The Toronto Blue Jays inked a pair of pitchers on Thursday on minor league deals
The Ax man cometh back.
John Axford had expressed a desire to return to the Toronto Blue Jays. He has apparently gotten his wish.
Axford has reportedly signed a minor league deal with the Jays. Assuming he makes the team out of spring training, he will need to be added to the 40 man roster.
Axford was 4-1 with a 4.41 era in 45 games with the Blue Jays in 2018 before being traded to the Dodgers. Unfortunately he suffered a fractured fibula after being hit with a comebacker on August 12, 2018 and didn’t pitch in the postseason for the Dodgers. He has also previously played for the Brewers, Cardinals, Indians, Pirates, Rockies and Athletics.
The 35 year old offers a veteran presence to a team that will be focusing on a youth movement. When healthy, the 10 year MLB veteran still possesses swing and miss stuff. He had 8.9 strikeouts per 9 innings in 2018.

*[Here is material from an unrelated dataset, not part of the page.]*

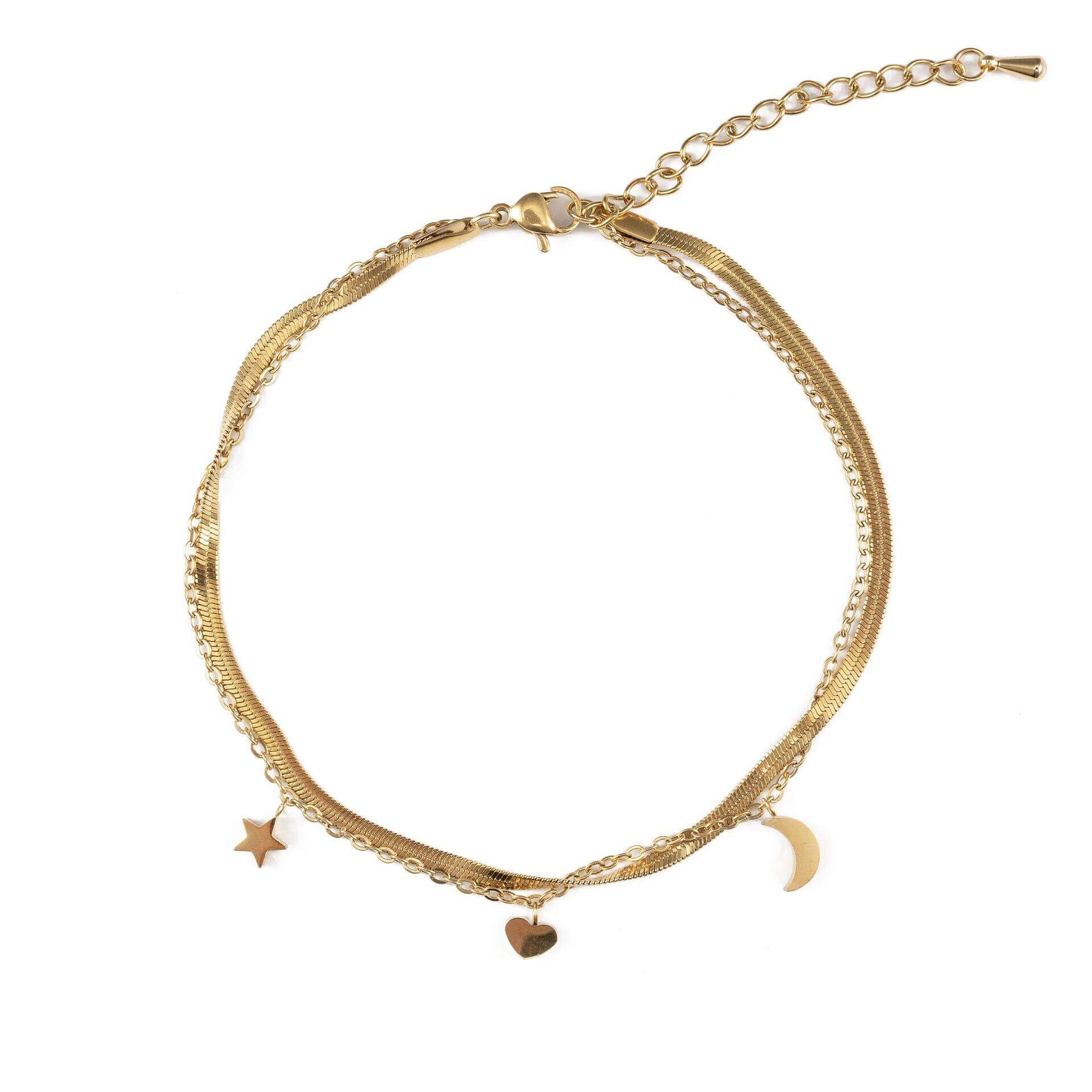 Двойна гривна за глезен с висящи символи луна, сърце и звезда, златисто покритие, подходяща за ежедневна употреба.

Axford, a native of Simcoe, Ontario had expressed a preference for returning to Canada’s lone MLB team, in part so that he can be near his family during the season. When it was mentioned to him that he could once again face the possibility of being traded to a contender at the 2019 trade deadline as he was in 2018, he replied that he would keep coming back to the Blue Jays. If nothing else, the organization has to be impressed with his loyalty.
No word on whether Axford received a bullpen cart as a signing bonus.

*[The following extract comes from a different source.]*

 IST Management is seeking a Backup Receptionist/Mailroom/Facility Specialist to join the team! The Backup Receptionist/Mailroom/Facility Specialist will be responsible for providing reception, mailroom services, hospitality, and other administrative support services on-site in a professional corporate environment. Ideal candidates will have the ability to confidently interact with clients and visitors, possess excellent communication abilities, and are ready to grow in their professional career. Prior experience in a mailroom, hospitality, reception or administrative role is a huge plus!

The Blue Jays weren’t done adding pitching depth. They also signed LHP pitcher Ryan Feierabend to a minor league deal, pending a physical.

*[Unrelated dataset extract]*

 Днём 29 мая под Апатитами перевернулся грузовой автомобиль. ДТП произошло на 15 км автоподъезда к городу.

Feierabend is an interesting story. The 33 year old pitched in MLB with the Seattle Mariners from 2006-2008 and with the Texas Rangers in 2014. Feierabend struggled in MLB to the tune of a 7.15 era. From 2015-2018 he pitched in Korea. Still not having the kind of results he hoped for, he decided to add a new weapon to his repertoire:
Feierabend isn’t your typical knuckleball pitcher by any means. While the majority of knuckleball pitchers throw most or all knuckleballs, Feierabend throws his roughly 20% of the time as an out pitch. Initial results were very encouraging. He led the league in era in 2017 at 3.04. He didn’t do quite as we’ll in 2018 however – his era rose back up to 4.30. Now Feierabend will see how well his new and improved arsenal translates to MLB.
This all seems very similar to last year for the Blue Jays. They signed several veteran pitchers to minor league deals and evaluated them through spring training. In addition to Axford and Tyler Clippard the Blue Jays had Craig Breslow and Al Alburquerque in camp last spring. Axford and Clippard pitched well enough in exhibition games to convince management that they could still pitch effectively at the major league level and they made the team. The others did not.
The Blue Jays might still have more of these type of moves coming and that isn’t a bad thing. On the contrary, these low risk type of moves really cost next to nothing. They aren’t committing a roster spot until they have decided who (if any) they want to bring north when camp breaks and minor league deals cost very little financially. With all the unsigned free agents there are who are still looking for jobs, it wouldn’t be surprising at all for there to be even more competition for spots in the Blue Jays bullpen when Grapefruit League games begin.